Jin Zhicheng, Chen Li, Zhong Binyan, Zhou Haifeng, Zhu Haidong, Zhou Hai, Song Jingjing, Guo Jinhe, Zhu Xiaoli, Ji Jiansong, Ni Caifang, Teng Gaojun
Center of Interventional Radiology and Vascular Surgery, Department of Radiology, Zhongda Hospital, Medical School, Southeast University, Nanjing 210009, China.
Department of Interventional Radiology, The First Affiliated Hospital of Soochow University, Suzhou, China.
Transl Oncol. 2021 Apr;14(4):101034. doi: 10.1016/j.tranon.2021.101034. Epub 2021 Feb 7.

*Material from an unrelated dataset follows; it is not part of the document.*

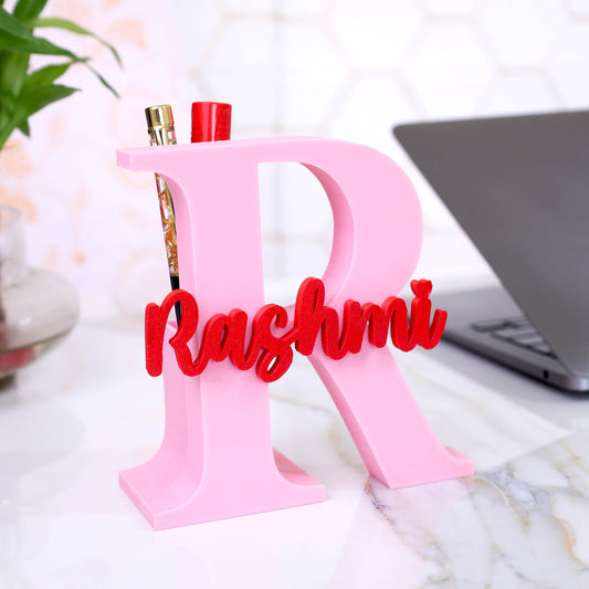 Moskai 3D Baby Pink Personalized Name Pen Stand for Desk Decor

Due to the high heterogeneity of hepatocellular carcinoma (HCC), patients with non-advanced disease who are unsuitable for initial transarterial chemoembolization (TACE) monotherapy may have the potential to develop extrahepatic spread or vascular invasion. We aimed to develop and independently validate a radiomics-based model for predicting which patients will develop extrahepatic spread or vascular invasion after initial TACE monotherapy (EVIT).
This retrospective study included 256 HCC patients (training set: n = 136; testing set: n = 120) who underwent TACE as initial therapy between April 2007 and June 2018. Clinicoradiological predictors were selected using multivariate logistic regression and a clinicoradiological model was constructed. The radiomic features were extracted from contrast-enhanced computed tomography (CT) images and a radiomics signature was constructed based on a machine learning algorithm. A combined model integrated clinicoradiological predictor and radiomics signature was developed. The predictive performance of the two models was evaluated and compared based on its discrimination, calibration, and clinical usefulness.
In the training set, 34 (25.0%) patients were confirmed to have EVIT, whereas 26 (21.7%) patients in the testing set had EVIT. When the radiomics signature was added, the combined model showed improved discrimination performance compared to the clinicoradiological model (area under the curves [AUCs] 0.911 vs. 0.772 in the training set; AUCs 0.847 vs. 0.746 in the testing set) and could divide HCC patients into three strata of low, intermediate, or high risk in the two sets. Decision curve analysis demonstrated that the two models were clinically useful, and the combined model provided greater benefits for discriminating patients than the clinicoradiological model.
This study presents a model that integrates clinicoradiological predictors and CT-based radiomics signature that could provide a preoperative individualized prediction of EVIT in patients with HCC.
由于肝细胞癌(HCC)具有高度异质性,不适合初始经动脉化疗栓塞(TACE)单一疗法的非晚期疾病患者可能有发生肝外转移或血管侵犯的风险。我们旨在开发并独立验证一种基于放射组学的模型,以预测哪些患者在初始TACE单一疗法(EVIT)后会发生肝外转移或血管侵犯。
这项回顾性研究纳入了2007年4月至2018年6月期间接受TACE作为初始治疗的256例HCC患者(训练集:n = 136;测试集:n = 120)。使用多变量逻辑回归选择临床放射学预测指标,并构建临床放射学模型。从对比增强计算机断层扫描(CT)图像中提取放射组学特征,并基于机器学习算法构建放射组学特征标签。开发了一个整合临床放射学预测指标和放射组学特征标签的联合模型。基于其区分度、校准度和临床实用性对这两个模型的预测性能进行评估和比较。
在训练集中,34例(25.0%)患者被证实发生EVIT,而测试集中有26例(21.7%)患者发生EVIT。添加放射组学特征标签后,联合模型与临床放射学模型相比,区分性能有所提高(训练集中曲线下面积[AUCs]为0.911对0.772;测试集中AUCs为0.847对0.746),并且可以将HCC患者在两个数据集中分为低、中、高风险三个层次。决策曲线分析表明这两个模型在临床上均有用,并且联合模型在区分患者方面比临床放射学模型具有更大的优势。
本研究提出了一种整合临床放射学预测指标和基于CT的放射组学特征标签的模型,该模型可为HCC患者术前EVIT提供个体化预测。